If all of this wasn’t enough, the “regular”/non-COVID-19 911 calls keep coming. Many places have seen a reduction in car wrecks because there’s less traffic on the roads. Regardless, there are still myriad calls to answer. Your people need help getting through the combination of COVID-19 and all the regular drumbeat of pain and suffering.

Some steps departments have taken to minimize risk through COVID-19, while continuing to answer calls:

  • Reduce the number of people dispatched to low-acuity calls.
  • Establish protocols that minimize the number of people going into closed environments, while maintaining crew safety.
  • Cancel public events and traditional program deliveries; you can pick them up later.
  • Cancel station tours to limit contamination.
  • Maintain staffing levels and protocols that provide for crew safety – don’t compromise here!

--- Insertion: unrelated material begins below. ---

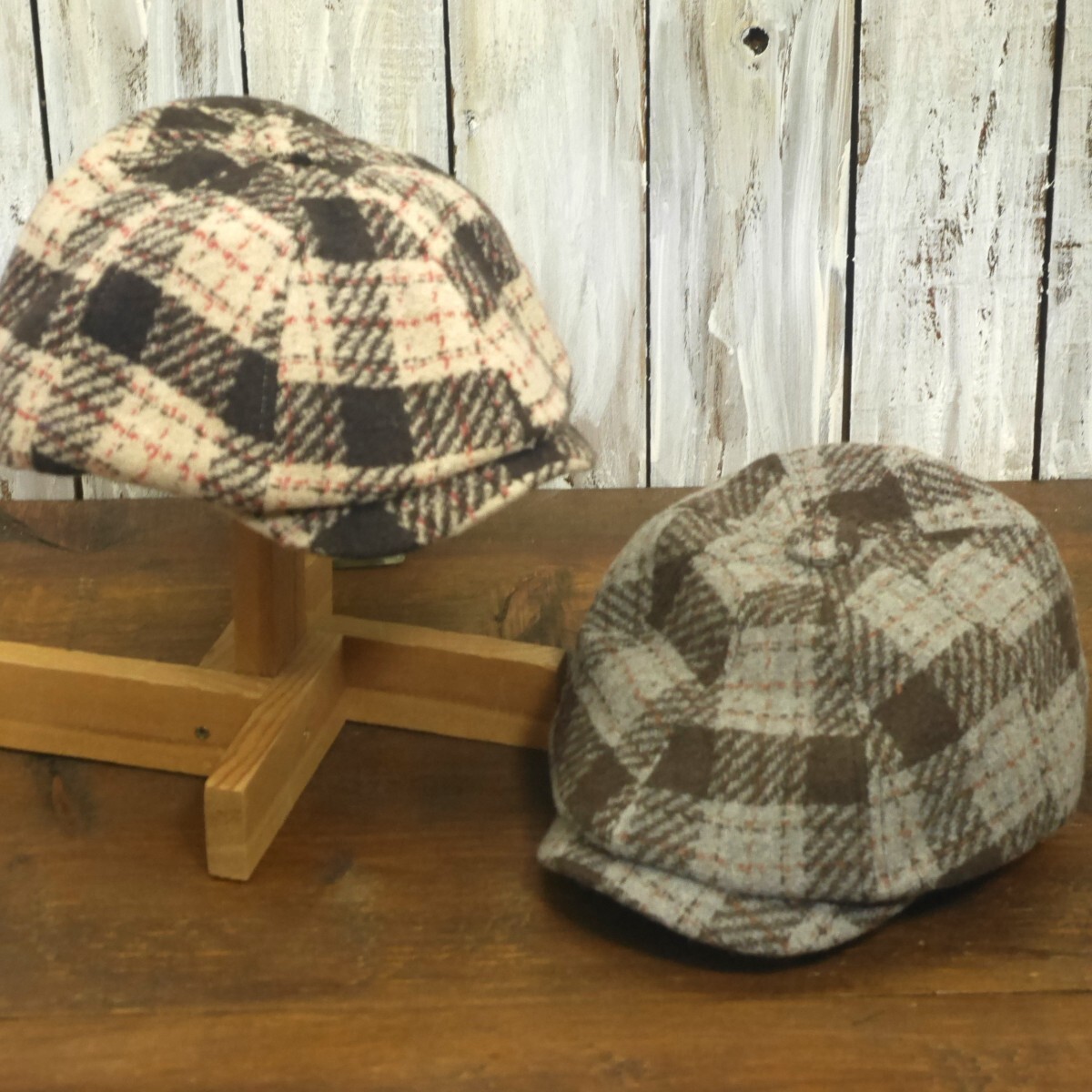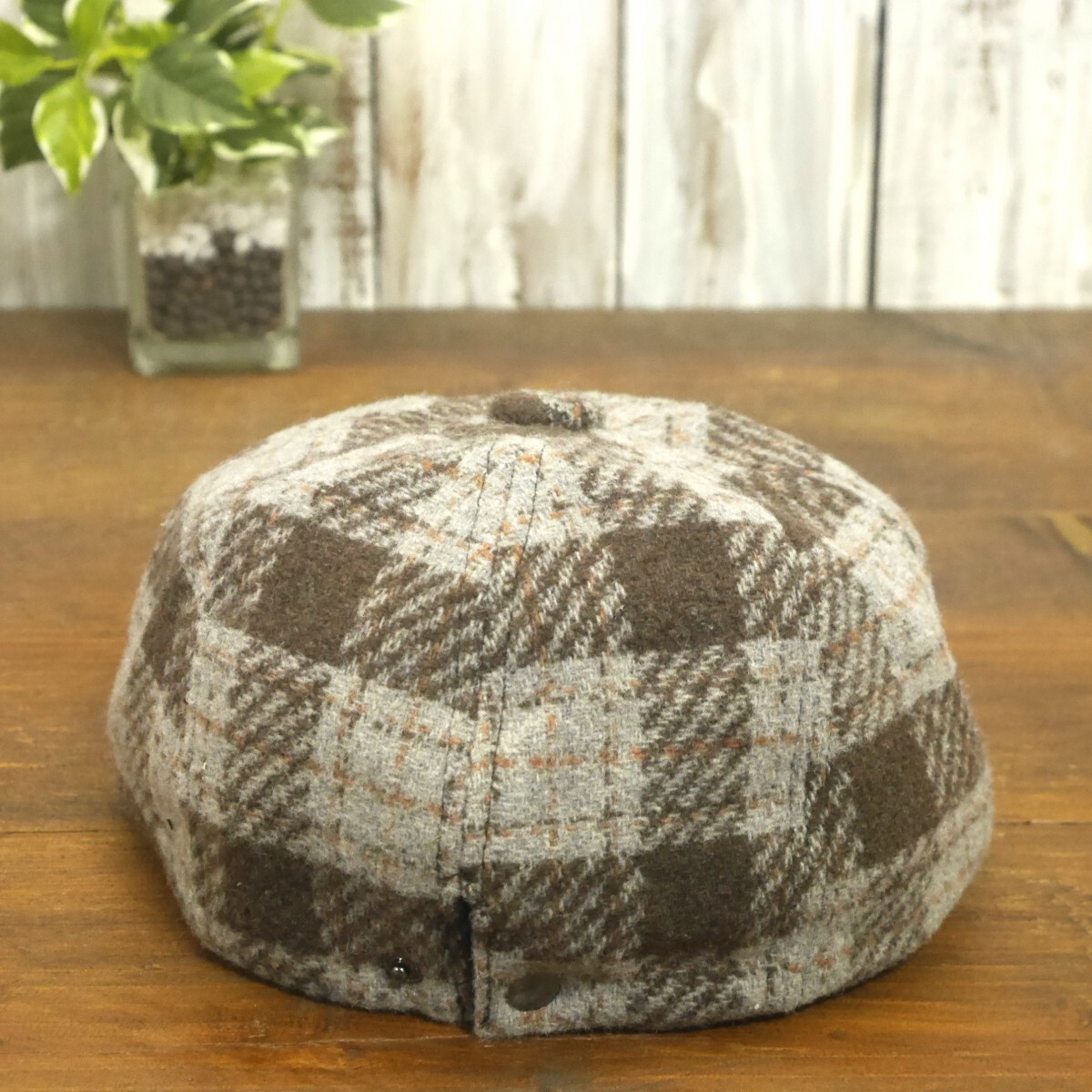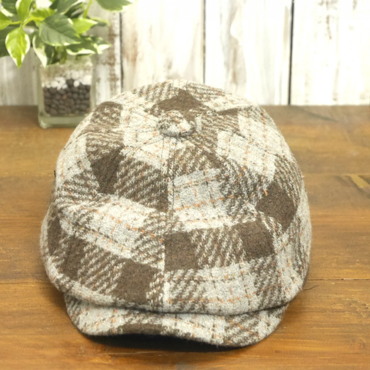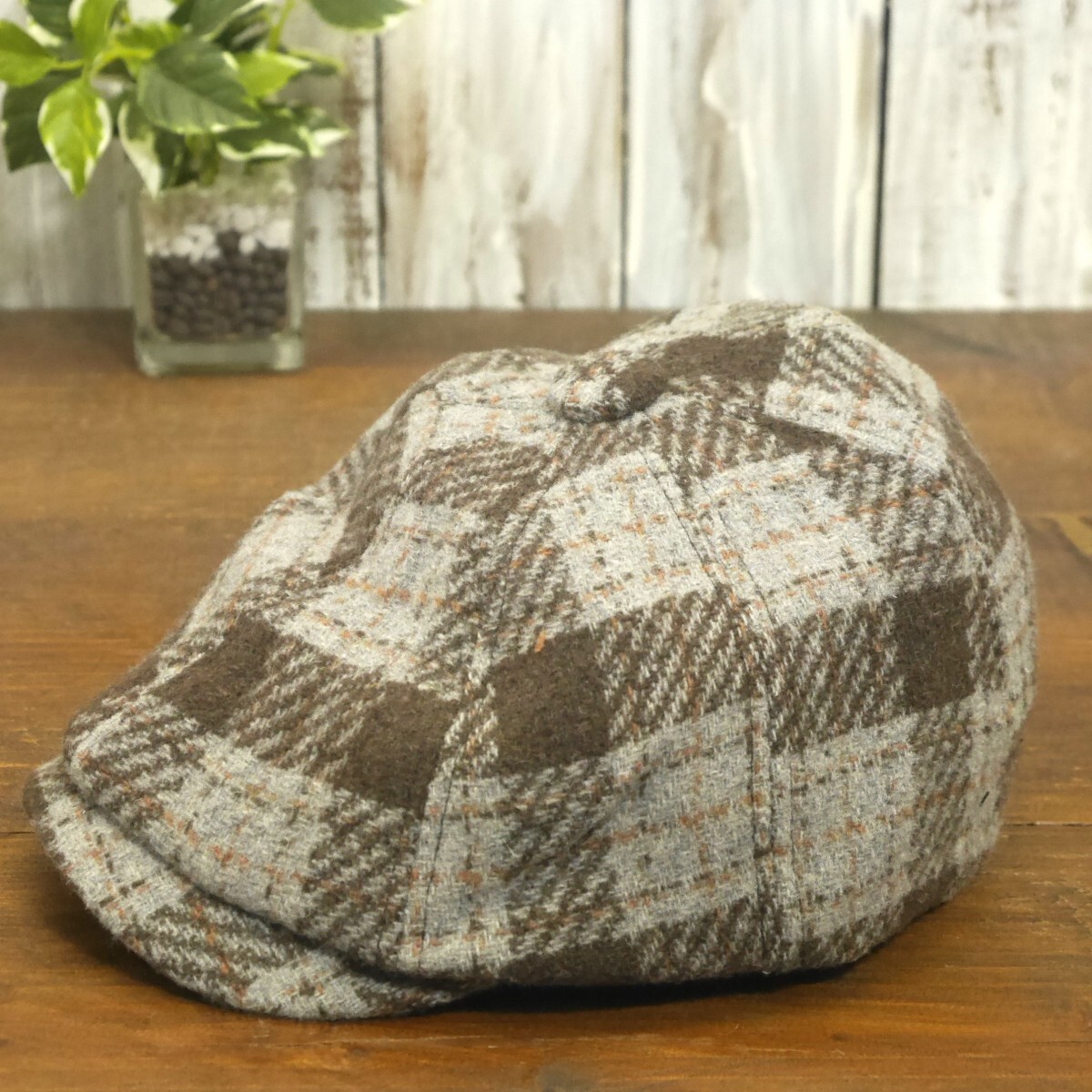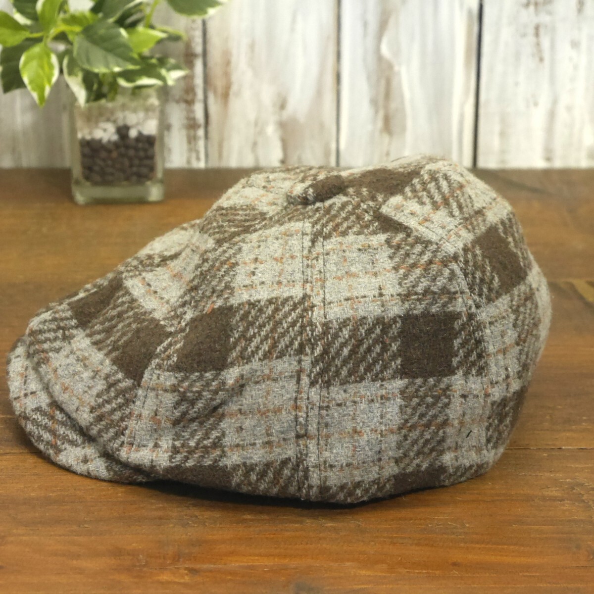 ウール キャスケットハンチング オーバーチェック グレー ブラウン シンプル ニュースペーパー サイズ調整可 送料\450 男女兼用

While it is critical that we answer the new calls for COVID-19, it’s also important we adapt to the new normal. While you adjust, make sure you haven’t thrown the baby out with bathwater. There are still important things that we need to do – record-keeping, disaster protocols, supply ordering, apparatus repairs, station maintenance, gear cleaning, etc. – figurative and literal fires we need to put out, and unforeseen issues we will need to address.

Focus on your people and JDTRT

As much as we need our people to practice the personal tetrahedron, they need you to model the behavior. Your ability to be physically strong, morally focused and mentally tough will manifest in your ability – and that of your crews – to provide quality service.

Don’t forget JDTRT, and tell your folks thank you for a job well done – today and every day.